Mind you, we understand the magnitude of the health crisis. But we will continue to argue the economic crisis that’s spreading will affect more people than the health crisis.

To his credit, Gov. Ron DeSantis does appear to grasp the economic side of this disaster better than other governors. He has been one of the few to show reasoned leadership and courage by resisting to shut down the entire state economy.

And as we noted last week, we know DeSantis — and all elected leaders, for that matter — is fighting an intense, two-front war. Imagine being in his shoes. The public is watching his every move, looking for hope, stoicism, optimism, decisiveness, proactive responses and foresight.

Of those qualities, it still appears there have been few signs of proactive response to the state’s economic plight. It would be easy to rely on the $2 trillion CARES Act.

But let’s ask: Would you rely on the federal government to save your state’s economy?

Of course not.

What, then, should be done? We turned to Laffer:

“First, let me give you some background,” he said. “Florida is such a pro-growth state. It has an extreme sensitivity to the cycles. When the economy is strong, Florida is really strong. But when it collapses, it goes to the basement.”

Ugh. But hold on. There’s a little bit of good news: “You’re going to have a very sharp downturn,” Laffer said. “But it won’t be as bad as ’08 and ’09.”

What should the governor and Legislature do?

Laffer’s prescriptions:

  • “Do not raise taxes.”
  • “Cut as much state, county and local government spending as possible  — right away. Do not wait.”
  • “Taxes: This is not a period for exclusions. Move to as broad a base and low rates as possible. Eliminate all the sales tax exemptions you can, and lower the rate. Get rid of distortions.”
  • Have the state guarantee loans that banks make to creditworthy companies.

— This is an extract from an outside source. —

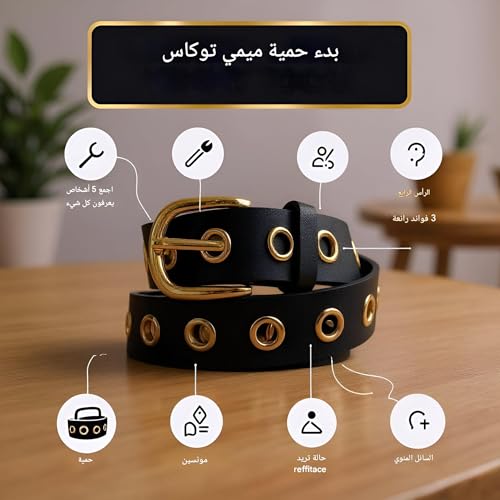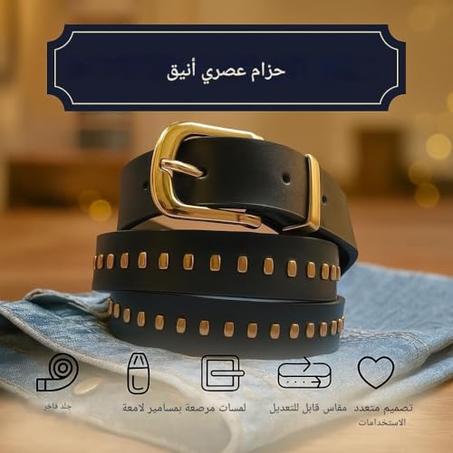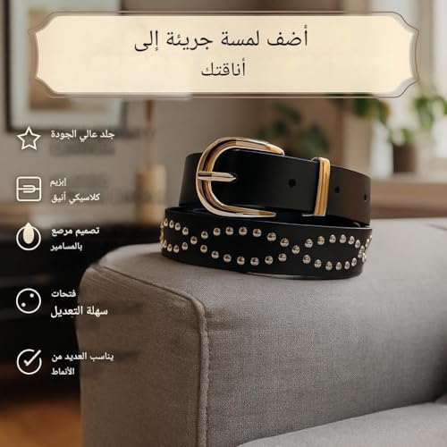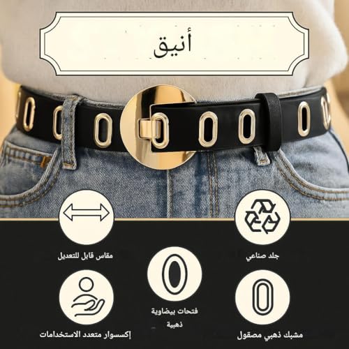 Generic - Stylish Belt - Edgy Faux Leather with Gold Grommets, Adjustable Size, Round Metal Studs, Buckle Closure for Trendy Casual Accessories

Laffer’s overriding and fundamental recommendation, the one he emphasizes from the 30,000-foot economist’s view, is this: “You want to make it worthwhile for people to work. Make it more attractive for producers.”

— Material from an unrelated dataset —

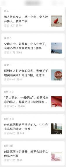 ▌问题11:怎么用GPT二创文章?(以传统文化号为例) 传统文化类的内容,一般发这3类内容:传统国学(生肖属相、民间俗语、时令养生、长寿之道)、家庭关系(儿女孝道、家庭教育、婚姻关系)、人生哲学(交友处世、财运福报、修身养性)。中老年特爱看,看到就会转发到家庭群、朋友圈,所以在微信一向阅读量爆棚。 例如该账号,5月开始发传统文化类的内容,1-2天更1篇,近2个月,阅读量在3万+的有18篇,占比51%。在10万+的有9篇,占比26%。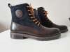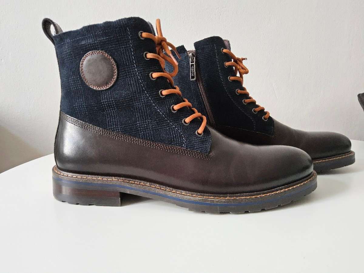 Edle Kombination aus dunkelbraunem Glattleder und robustem Textilmaterial im Schaft, mit klassischer Schnürung, zusätzlichem seitlichem Reißverschluss sowie stabiler Profilsohle. Hochwertige Verarbeitung, zeitloser Stil – ideal für Herbst und Winter.

More suggestions: Lower airport landing fees; lower city and county hotel taxes (you can imagine all of the screaming over that one); lower or eliminate the sales tax on commercial leases. (“That will encourage more building,” Laffer said.)

When businesses and entrepreneurs produce more supply, when they produce more goods and services of value, demand will rise. That’s the premise of Laffer’s supply-side economics. So if we want to stimulate demand, government must reduce the barriers to produce more supply.

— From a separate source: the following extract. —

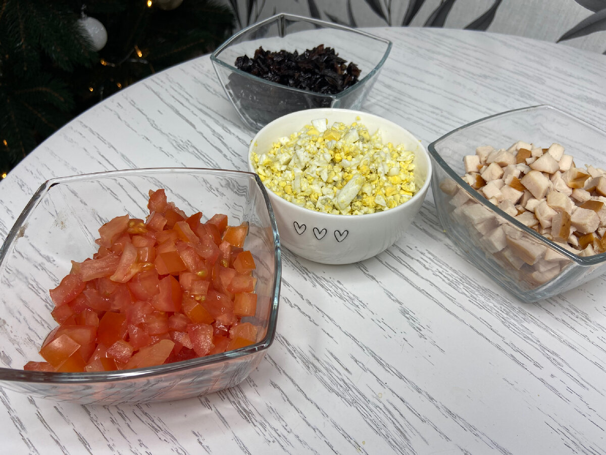 Теперь настало время собрать салат в глубокий салатник, избегая использования формы, чтобы избежать распадения слоёв. Первым слоем выкладывается чернослив. Если хотите, обдайте его кипятком для мягкости, после чего создайте сеточку из домашнего майонеза.

It wasn’t all that long ago that’s what occurred in Florida — during the Gov. Rick Scott years from 2010-2018. Surely you remember Scott being almost maniacal about wanting Florida to have the best business climate in the nation. He spent eight years touting “jobs, jobs, jobs,” pushing the Legislature to cut the corporate income tax and the sales tax on commercial leases and manufacturing equipment, among other cuts to taxes and fees. And he did likewise with regulations.

These were steps to reduce the barriers to production, to leave more capital in business to be invested to create more supply … and demand.

It worked. During Scott’s two terms, Florida employment increased by 1.67 million jobs. State sales collections — driven by a robust economy — increased 46%, from a low of $27.69 billion in 2009, in the pit of the recession, to $40.47 billion when Scott left office. Increased business supply led to increased demand.

Similar steps would help now because, in truth, the CARES Act is not an economic stimulus act. There is nothing in it that reduces barriers to economic productivity. It’s just the opposite.

The $2 trillion stimulus is merely transferring money through borrowing — taking from one hand and redistributing it to another, shifting that $2 trillion in borrowed money to consumers to create more consumption. Consumption, Laffer will tell you, doesn’t stimulate growth; consumption is a result of growth that already occurred.

That’s why Florida’s state, county and local politicians should take seriously Laffer’s recommendations to help Florida’s economy, to make Florida more attractive for businesses to produce as we fight our way through this war.

When you talk to CEOs and entrepreneurs who navigated successfully through business crises, they almost uniformly advise this one principle of crisis management: Act fast, and don’t wait.